Technical Issues in Automating Design

  • Designs are actually a type of data. Designs are things people can legitimately alter (a chair is 40 inches tall and white, but you could paint it black), while what is usually called ‘data’ are factual observations (it was 23 degrees farenheit at 12:33 pm in Des Moines, Iowa). By these definitions, any design can be represented in a format that can represent any kind of data.
  • If we represent our designs in our patternable data form, we can apply pattern detection techniques to sets of designs (just like any other data set). It’s then possible to use any patterns discovered in existing designs to guide future design decisions. Imagine designing a fuel efficient car by starting with the designs of 50 existing cars and their fuel efficiency ratings, and then looking for patterns in the design elements of the most efficient cars. This is a form of automated design I call pattern exploitation.

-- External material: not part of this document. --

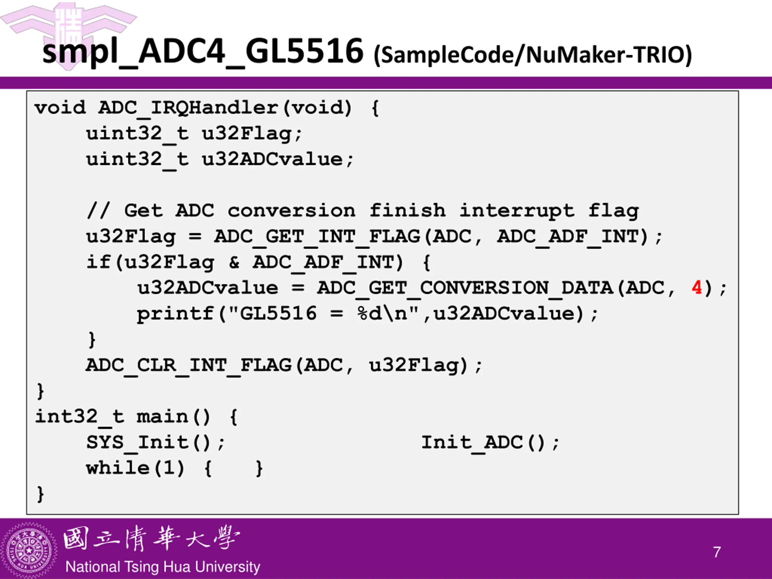 smpl_ADC4_GL5516 (SampleCode/NuMaker-TRIO) void ADC_IRQHandler(void) { uint32_t u32Flag; uint32_t u32ADCvalue; // Get ADC conversion finish interrupt flag u32Flag = ADC_GET_INT_FLAG(ADC, ADC_ADF_INT); if(u32Flag & ADC_ADF_INT) { u32ADCvalue = ADC_GET_CONVERSION_DATA(ADC, 4); printf("GL5516 = %d\n",u32ADCvalue); } ADC_CLR_INT_FLAG(ADC, u32Flag); } int32_t main() { SYS_Init(); while(1) { } } Init_ADC(); 7 National Tsing Hua University
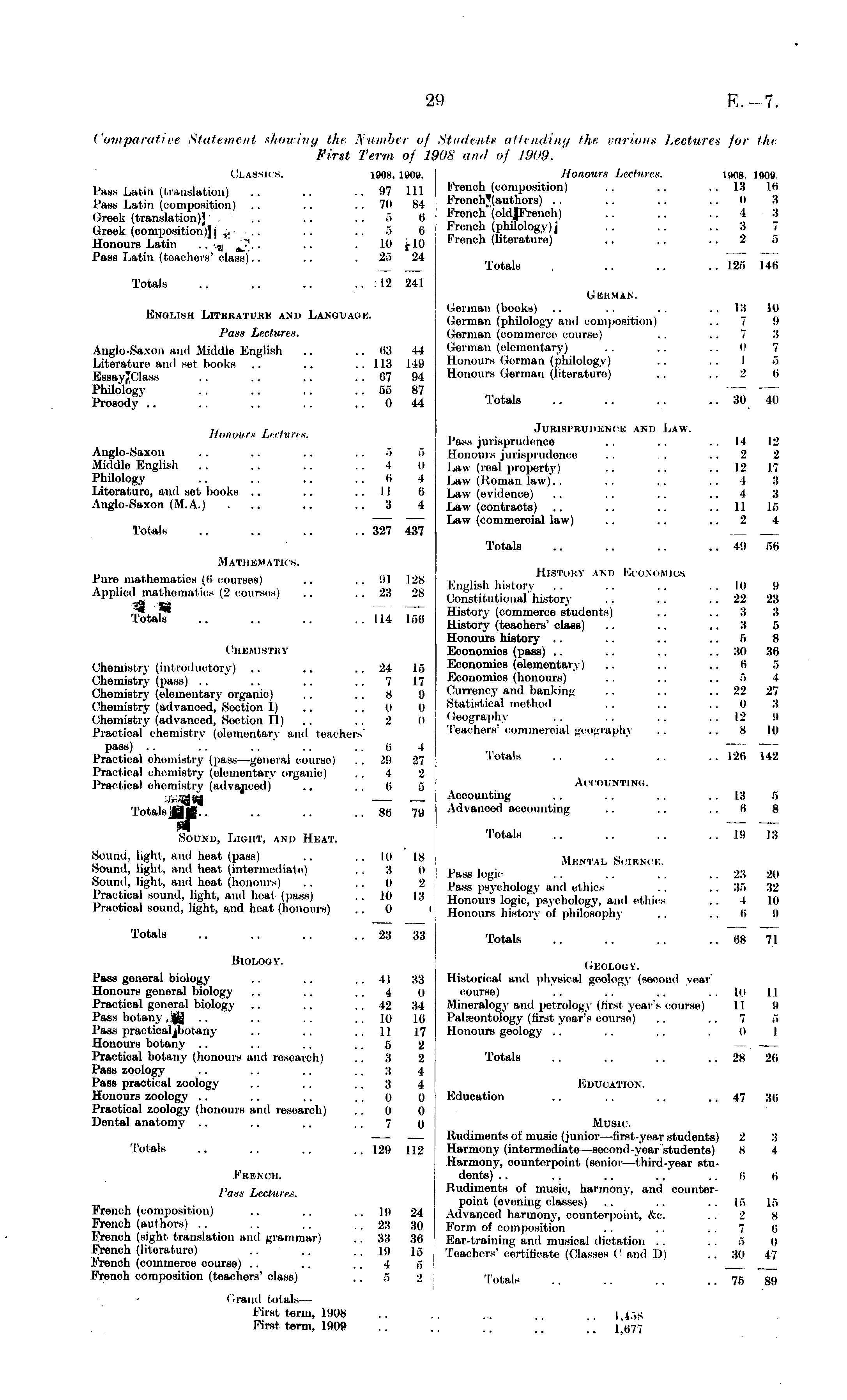 Honours Lectures. inns. 1009. French (composition) .. .. 13 10 B v renohJ(authors) .. .. .. .. 0 :i French (oldjFrench) .. .. ..4 3 Prcnch (philology)J .. .. ..3 7 French (literature) .. .. .. 2 5 Totals , .. .. .. 126 146 German. German (books) .. .. .. 13 10 German (philology and composition) .. 7 9 German (commerce course) .. .. 7 3 German (elementary) .. .. .. 0 7 Honours Gorman (philology) .. .. 1 6 Honours German (literature) .. .. 2 8 Totals .. .. .. .. 30 40 .lUKisi'iii.niAi 1: vmi Law. Pass jurisprudence .. .. ..II 12 Honours jurisprudence .. .. ..2 2 Law (real property) .. .. ..12 17 Law (Roman law).. .. .. .. 4 3 Law (evidence) .. .. .. ..4 3 Law (contracts) .. .. .. .. 11 Io Law (commercial law) .. .. .. 2 4 Totals .. .. .. .. 40 66 HisTiusv ami Economics English history .. .. .. in 9 Constitutional hist on .. .. 22 23 History (commerce students) .. 3 3 History (teachers' class) .. .. 3 5 Honours history .. .. .. 6 8 Economics (pass) .. .. 30 30 Economics (elementary) .. .. 0 ."1 Economics (honours) .. .. .. ."> 4 Currency and banking .. .. 22 27 Statistical method .. .. .. 0 3 (leography .. .. .. 12 9 Teachers" commercial geography .. .. 8 10 Totals .. .. .. .. 120 142 An en NTING. Accounting .. .. .. 13 6 Advanced accounting .. .. li 8 Totals .. .. .. ..19 13 Mental Soieni 1. Pass logic .. . . . . . . 23 20 Pass psychology and ethics .. .. 36 32 Honours logic psychology, and ethics .. 4 10 Honours history of philosophy .. .. 0 9 Totals .. .. .. .. 08 71 Geology. Historical and physical geology (second year' oourse) .. .. .. in 11 Mineralogy and petrology (first years course) 11 9 Palaeontology (first year's oourse) .. ..7 6 Honours geology .. .. .. . 0 I Totals .. .. .. .. 28 26 Education. Education .. .. .. ..47 36 Music. Rudiments of music (junior—first-year students) 2 3 Harmony (intermediate —second-year students) 8 4 Harmony, counterpoint (senior —third-year students) . . . . . . . . li n Rudiments of music, harmony, and counterpoint (evening classes) .. .. ..If, 16 Advanced harmony, counterpoint, ftc. .. 2 8 Form of composition .. .. ..7 0 Ear-training and musical dictation .. f> 11 Teachers'certificate (Classes C and I)) .. 30 47 totals .. .. .. . . 75 89 .. 1,458 .. 1.077

  • Not only are designs a form of data, but computer programs are a type of design. It turns out that the patternable data form is sufficiently strict to write little programming languages because of the strict requirements it imposes on data types for the benefit of pattern detection. Like other examples of automated design, you can then use pattern exploitation to generate new, better computer programs.
  • For the technically inclined: Using pattern exploitation for automated design as described above is achieved by using genetic algorithms to optimize programs written in a constraint-based form of domain-specific-languages (DSL’s).